Some stores’ buyers were tougher than others, and this led to the establishment of an indie-bookstore hierarchy in our minds. The tougher the buyers were, the scarcer the store credit would be and the more likely it was the store would have special, expensive treasures we yearned for. (Could we have simply bought these books? Well, we were earning a graduate student stipend, which hovers somewhere around minimum wage.) We’d start with the more selective stores, and as our crate dwindled, we’d bring the dregs into Bookman’s, a statewide chain with low standards but which offered notoriously low amounts of credit. And Bookman’s selection was sizeable, but stocked mainly with what we knew were the dregs.
While the bookstores would sometimes quote a cash figure for the books they wanted to buy from us, they always offered far more in store credit. Invariably, we took the credit. We had a lofty notion that we were in this for the knowledge—for more books—not for money. In our rejection of cash, we would even semi-self-deprecatingly quote a line that Joan Didion quoted in Slouching Towards Bethlehem: “the hippies scorn money—they call it bread”.
The problem with cash is that it immediately shifted the terms of the game, and how who was winning and who was losing was assessed.
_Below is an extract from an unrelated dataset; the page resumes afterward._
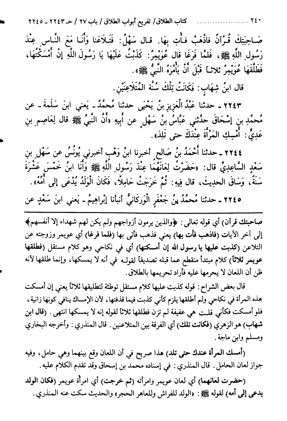 صَاحِبَتِكَ قُرْآنٌ) أَيْ قَوْلُهُ تَعَالَى وَالَّذِينَ يَرْمُونَ أَزْوَاجَهُمْ وَلَمْ يَكُنْ لَهُمْ شُهَدَاءُ إِلَّا أَنْفُسُهُمْ إِلَى آخِرِ الْآيَاتِ (فَاذْهَبْ فَأْتِ بِهَا) يَعْنِي فَذَهَبَ فَأَتَى بِهَا (فَلَمَّا فَرَغَا) أَيْ عُوَيْمِرٌ وزوجته عن التلاعن (كذبت عليها يارسول اللَّهِ إِنْ أَمْسَكْتُهَا) أَيْ فِي نِكَاحِي وَهُوَ كَلَامٌ مُسْتَقِلٌّ (فَطَلَّقَهَا عُوَيْمِرٌ ثَلَاثًا) كَلَامٌ مُبْتَدَأٌ مُنْقَطِعٌ عَمَّا قَبْلَهُ تَصْدِيقًا لِقَوْلِهِ فِي أَنَّهُ لَا يُمْسِكُهَا وَإِنَّمَا طَلَّقَهَا لِأَنَّهُ ظَنَّ أَنَّ اللِّعَانَ لَا يُحَرِّمُهَا عَلَيْهِ فَأَرَادَ تَحْرِيمَهَا بَالطَّلَاقِ

When it was a matter of who ended up with the better books, we believed we were the clear victors. I took away all three volumes of Kolakowski’s Main Currents of Marxism for a hodgepodge of forgettable contemporary fiction that I salvaged from a Mormon thrift store: Me 1, Book Haven 0. But looked at from a more bottom-line oriented perspective, it was not so flattering. The bookstores was getting to mark up by at least 100 percent the books we brought them, after hours and hours of unpaid labor, and their employees got to spend their days reading books and judging the likes of us while we were out there doing the grunt work. Our uncompensated labor helped kept their store going, and all we got out of it were some esoteric scraps. And when the culture of independent bookstores were celebrated, none of that glory redounded to us. We had already pitted ourselves against them in our hearts, and we envied them too.
Because book arbitrage had become a demented hobby for us, we didn’t mind being paid in books—that translated into prestige with the right sort of audience. And we enjoyed the work for its own sake, and for the comforting illusions about ourselves we drew from it. But eventually, when we were no longer in the cloistered economy of graduate school and had to make our way in the real world, we discovered that unread books on the shelf don’t offer much sustenance and no one is nearly as impressed with our collections as we were with ourselves. Then the collections slowly get dismantled and sold, for real, and all the chimerical gains from our arbitrage are wiped out for good.